CT of the abdomen and pelvis demonstrated left renal artery stenosis, an atrophic left kidney, right kidney edema with mild perinephric stranding, and mild‐to‐moderate right hydroureter without an obstructing mass or calculus. There was mild splenomegaly and mesenteric lymphadenopathy up to 3 cm in diameter. The distal thoracic and suprarenal abdominal aorta had crescentic high‐density wall thickening. There were small sclerotic densities of the proximal femora, pelvic girdle, and thoracolumbar spine (Figure 2). Contrast chest CT demonstrated severe wall thickening of his entire thoracic aorta. There was also cardiomegaly, mild interlobular septal thickening, small bilateral pleural effusions, a 3.2‐cm right upper lobe paratracheal lymph node, and nodular pleural thickening (Figure 3).

Figure 2
(A) Diffuse high‐density thickening of the aortic wall with surrounding inflammatory infiltration (arrowheads). (B) Right perinephric stranding. (C) Patchy sclerosis of the bilateral proximal femora, pelvic girdle, and lumbar spine.
Figure 3
(A) Right paratracheal lymph node (arrow) and nodular pleural thickening. (B) Mild interlobular septal thickening and small bilateral pleural effusions.

Diffuse aortopathy is caused by inflammatory, infectious, or infiltrative processes. Large vessel vasculitides such as Behet's disease, giant cell arteritis, and Takayasu's arteritis are unlikely, as the patient lacks the associated clinical findings or epidemiology. Imaging does not reveal preexisting aortic pathology, such as an aneurysm or atherosclerotic plaque, which could predispose him to bacterial endovascular infection.

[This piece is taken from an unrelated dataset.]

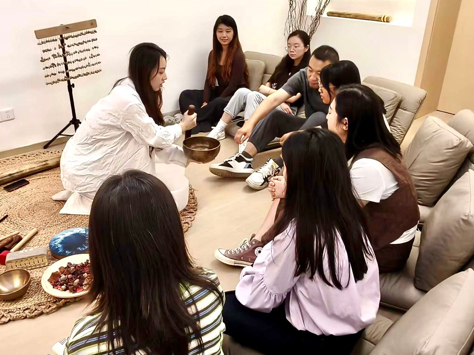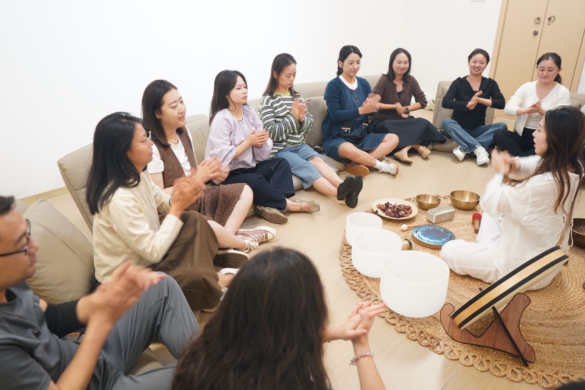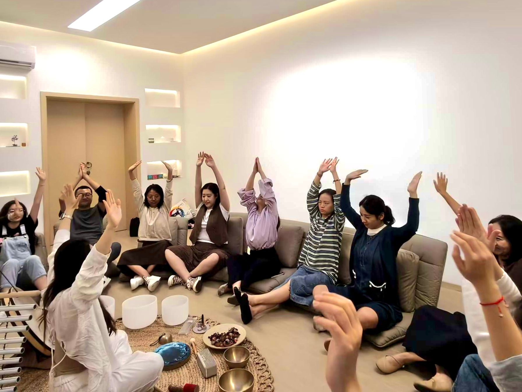 随着颂钵声缓缓响起,疗愈体验进入核心环节。老师们舒适地躺在沙发上,闭眼放空。轻柔绵长的声波像一双温柔的手,轻轻抚过身心——紧绷的肩膀慢慢舒展,急促的呼吸渐趋平缓,不少老师甚至在这治愈的声响中悄然入眠。现场静得能听见呼吸声,唯有颂钵声缓缓流淌,将一天的疲惫悄悄消融。

Urinary system dilation without an obvious obstruction could be explained by retroperitoneal fibrosis. Generalized lymphadenopathy, (suspected) retroperitoneal fibrosis, sclerotic bone lesions, and cardiopulmonary disease collectively suggest a widespread infiltrative process. Lymphoma may lead to lymphadenopathy and bone lesions but would not explain the aortopathy. He lacks risk factors for infections like tuberculosis or tertiary syphilis, a well‐known cause of aortopathy in the past.

Widespread multisystem involvement invites consideration of nonmalignant, noninfectious infiltrative disorders such as immunoglobulin G4‐related disease (IgG4‐RD), histiocytoses such as Erdheim‐Chester disease (ECD), systemic mastocytosis (SM), and sarcoidosis. ECD is a disorder of non‐Langerhans histiocytes that infiltrate the aorta, bones, retroperitoneum, lungs, myocardium, and periorbital structures. Perinephric stranding is sometimes seen in this condition. The lymphoplasmacytes in IgG4‐RD and noncaseating granulomas of sarcoidosis infiltrate many of the same organs. Common sites infiltrated by mast cells in SM include the bone and lymph nodes. Among these diseases, ECD and IgG4‐RD more commonly manifest with aortic and retroperitoneal infiltration and thus are prioritized on this differential diagnosis.

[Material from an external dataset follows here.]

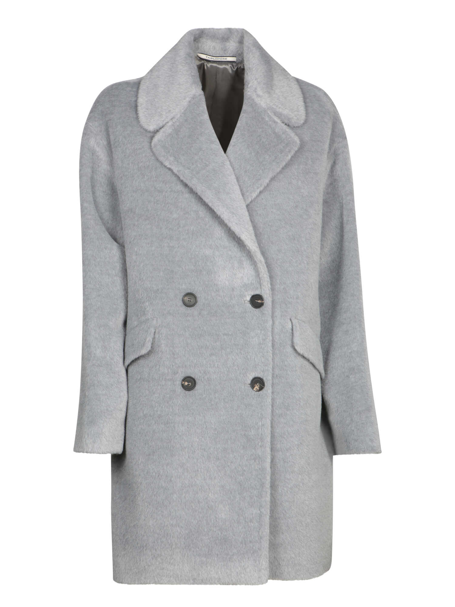 Double-breasted alpaca wool coat. Notched collar, long sleeves, and welt pockets.. This elegant coat from Tagliatore features a refined silhouette with luxurious grey alpaca wool fabric, perfect for a distinguished look during the colder months.

A positron emission tomography (PET) scan revealed abnormal fluordeoxyglucose uptake involving the thoracic aorta, right apical pleural surface, perinephric soft tissue, and various marrow spaces. Core needle biopsy of a sclerotic lesion in the right ischium demonstrated focal marrow replacement by a fibrohistiocytic process. No malignant cells or pathogenic organisms were identified. Biopsy of the right kidney revealed chronic interstitial nephritis with features of megalocytic interstitial nephritis (histiocytic inflammation) and arteriolar nephrosclerosis. A transbronchial biopsy demonstrated alveolar tissue with focal intra‐alveolar hemorrhage and organization, but no malignancy, atypia, or pathogenic organisms.

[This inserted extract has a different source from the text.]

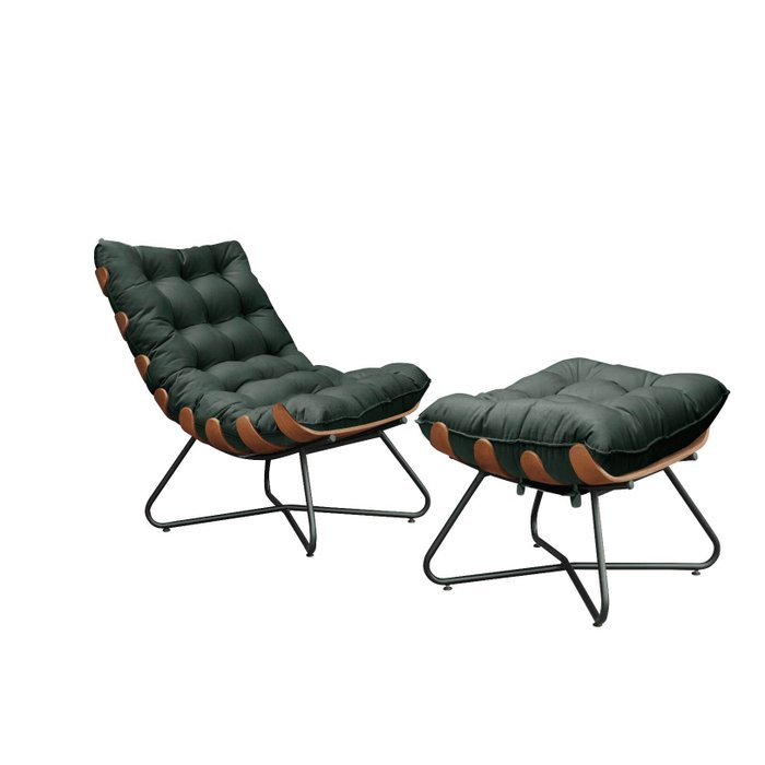 Poltrona Costela com Puff EVA Preto Mad - Veludo Verde Jotabe

The biopsy results do not support infection, lymphoma, or carcinoma. The absence of noncaseating granulomas and mastocytes on multiple biopsies essentially rules out sarcoidosis and SM, respectively. None of the characteristic pathologic features of IgG4‐RDlymphoplasmacytic infiltrate, obliterative phlebitis, and fibrosiswere observed. The pulmonary pathology points to injury, but not the underlying cause. The bone and kidney tissue samples reveal histiocytic infiltration.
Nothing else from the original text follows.